In Features, Issues

RECORDING THE MOMENT

BY MAX FRIEND

JENN SHAW'S MY FELLOW ORGANIZERS. PHOTO BY: BRAD NORRIS

With no political connections in Chicago, or anywhere for that matter, director Jenn Shaw reached out to the Barack Obama campaign in the hopes of documenting the Obama Organizing Fellows, a unique six-week training program that would “train a new generation of leaders” through community organizing and grassroots canvassing. “I knew no one at the campaign, I‘m not a politico, but I was intrigued by the movement more than Barack himself,” recalls Shaw, who had studied film as an undergrad at NYU‘s Tisch School of the Arts and was heading a music Web site company. “I contacted everyone in Chicago, but no one got back to me,” she says. But suddenly, three weeks before the program began on June 14, she got a call from Kate Albright-Hanna, the director of the program: She could film as a volunteer, with no pay, and she could have the rights to the film if the campaign could use the footage.

Suddenly Shaw was shooting her very first feature, alone, armed with only a 24p Panasonic camera and no crew. Fascinated by a unique tale she would discover was quite common amongst the Obama Fellows: stories of genuine inspiration lived by people who had never been inspired before. She was given the option of shooting in Colorado, Atlanta and Pennsylvania, and ultimately decided upon Pennsylvania due to its breadth of “political history and corruption.” Scraping together money to get by, she spent six months in Pennsylvania covering the program. “It was so hard,” Shaw remembers. “Some days I really was on my last dime. Now that I look back I have no idea how I made it.”

Once in Pennsylvania, she quickly shifted her focus from documenting the suburban area to filming the urban area, including West Philly, as she came to realize “there was nothing at stake [in the suburbs] compared to the urban issues.... For the people in the urban areas, [the election] was a must-win because of issues like healthcare. I remember this moment with one of the organizers named Jonta, who was on the side of the road with a homeless older woman who was saying how her life was over and that Obama would never change things for her. I think that was the moment when I truly understood the urgent need for hope in the community.”

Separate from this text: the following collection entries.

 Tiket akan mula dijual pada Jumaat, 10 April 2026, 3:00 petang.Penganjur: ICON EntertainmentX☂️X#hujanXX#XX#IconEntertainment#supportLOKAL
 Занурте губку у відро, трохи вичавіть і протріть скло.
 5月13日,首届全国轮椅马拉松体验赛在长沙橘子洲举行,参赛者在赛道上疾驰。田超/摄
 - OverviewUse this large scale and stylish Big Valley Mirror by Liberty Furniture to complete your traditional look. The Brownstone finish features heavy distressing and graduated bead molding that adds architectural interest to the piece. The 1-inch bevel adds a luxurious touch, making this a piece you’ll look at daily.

The younger activists in the program quickly became Shaw‘s focus: “For the first two months, there were 150 to 200 fellows. At the six-week point, some got picked to be staff. I settled in with those who got picked. They worked more than 12 hours a day, listening, watching, taking notes, getting people registered, canvassing, knocking on people‘s doors, trying to persuade.... Thirty days before voting, they were trained on how to talk to people about the issues.” While the young fellows almost immediately became comfortable with Shaw‘s presence, she could never avoid the tension of those “moments that aren‘t positive, like when people got fired for not meeting requirements.”

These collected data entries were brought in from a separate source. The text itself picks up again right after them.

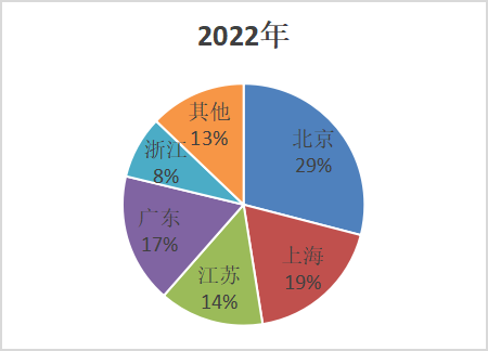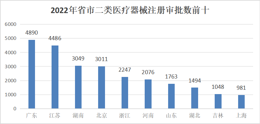 其中,江苏、广东、北京、上海、浙江是境内第三类医疗器械首次注册数量排前五名的省份,占2022年境内第三类医疗器械首次注册数量的69.7%,与2021年相比增加1.8%。
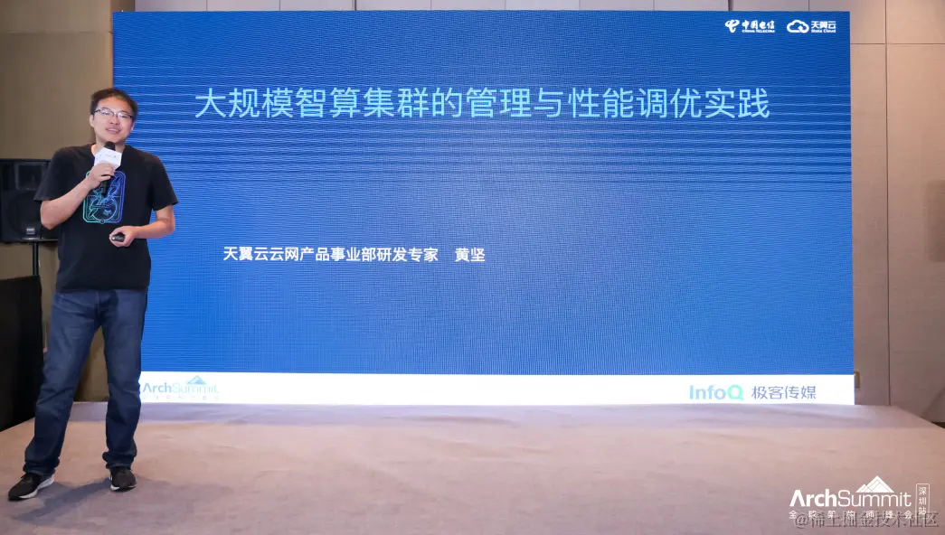 近日,ArchSummit全球架构师峰会在深圳隆重开幕,本次大会以“智能进阶. 架构重塑”为主题,探讨AI浪潮下,企业架构如何适应大模型和云原生的时代趋势,寻找既有应用成果又有成本效益的解决方案。国内外100余名顶尖专家齐聚一堂,围绕AI、大模型、云原生等话题展开深度交流。天翼云云网产品事业部研发专家黄坚受邀参会,并在“智算平台建设与应用实践”专题会上发表主题演讲,分享了天翼云在超大规模智算集群运维及管理方面的创新思路和实践经验。
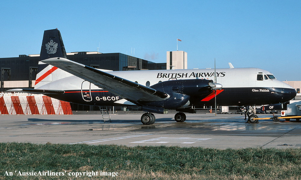 G-BCOF. British Airways - 'Glen Fiddich' in the standard livery at Birmingham Airport. December 1985. (R. N. Smith Collection Copyright Image 0748-025.) |
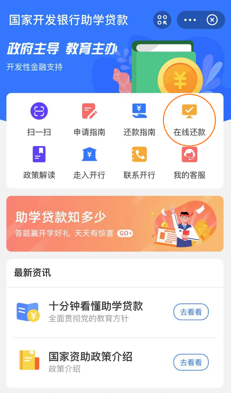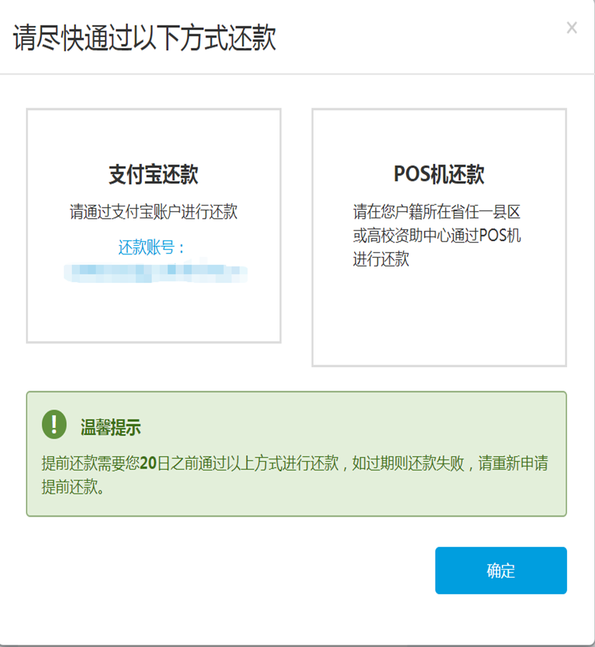 你还可以就近前往县区教育局学生资助管理中心或者高校资助中心(请事先咨询是否提供POS机还款服务)通过刷银行卡还款。

The film, tentatively titled, My Fellow Organizers, is ultimately about these young fellows, not the now President-Elect. Distinct from Amy Rice and Alicia Sams‘s upcoming untitled Obama documentary, which was recently acquired by HBO and presents a more comprehensive overview of Barack Obama‘s rise to the presidency, Shaw‘s gaze remains riveted on the young Obama activists that fought for him on the ground. “I learned a lot about people and — it‘s cliché — how fortunate we are. The generation that everyone thought was lost and that didn‘t care? I met so many people who made that not true at all. It is their experiences, their goofy or gossipy or serious personalities, their ups and downs, their honesty that sets the tone for this film.”

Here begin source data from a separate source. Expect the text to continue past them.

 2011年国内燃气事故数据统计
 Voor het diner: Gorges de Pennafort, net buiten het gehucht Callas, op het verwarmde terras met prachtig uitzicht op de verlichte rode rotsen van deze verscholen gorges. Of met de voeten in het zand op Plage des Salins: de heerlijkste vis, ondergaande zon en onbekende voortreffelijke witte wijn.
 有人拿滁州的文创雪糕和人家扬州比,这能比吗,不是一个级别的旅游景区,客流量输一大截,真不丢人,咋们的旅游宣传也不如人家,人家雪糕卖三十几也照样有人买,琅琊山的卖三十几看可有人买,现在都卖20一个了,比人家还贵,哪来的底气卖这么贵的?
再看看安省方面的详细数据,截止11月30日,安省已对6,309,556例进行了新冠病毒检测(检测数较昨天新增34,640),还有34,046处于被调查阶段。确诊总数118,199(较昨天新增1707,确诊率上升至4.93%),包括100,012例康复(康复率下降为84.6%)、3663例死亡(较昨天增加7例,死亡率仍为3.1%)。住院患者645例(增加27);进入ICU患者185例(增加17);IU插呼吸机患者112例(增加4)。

After shooting Obama‘s inauguration, Shaw hopes to wrap up the final cut of the movie by May 2009 and hold screenings of the film through a university tour. She hopes to instill in the college-age generation the understanding that “volunteering is hard and is needed, and that we really need to build a structure where communities can build neighbor to neighbor networks to be aware of the issues they face.” With no political connections or film crew or films to her credit or funding, Jenn Shaw embarked on her documentary with the same question Barack Obama may have asked himself at the beginning of his campaign: “Why not...and why not me?”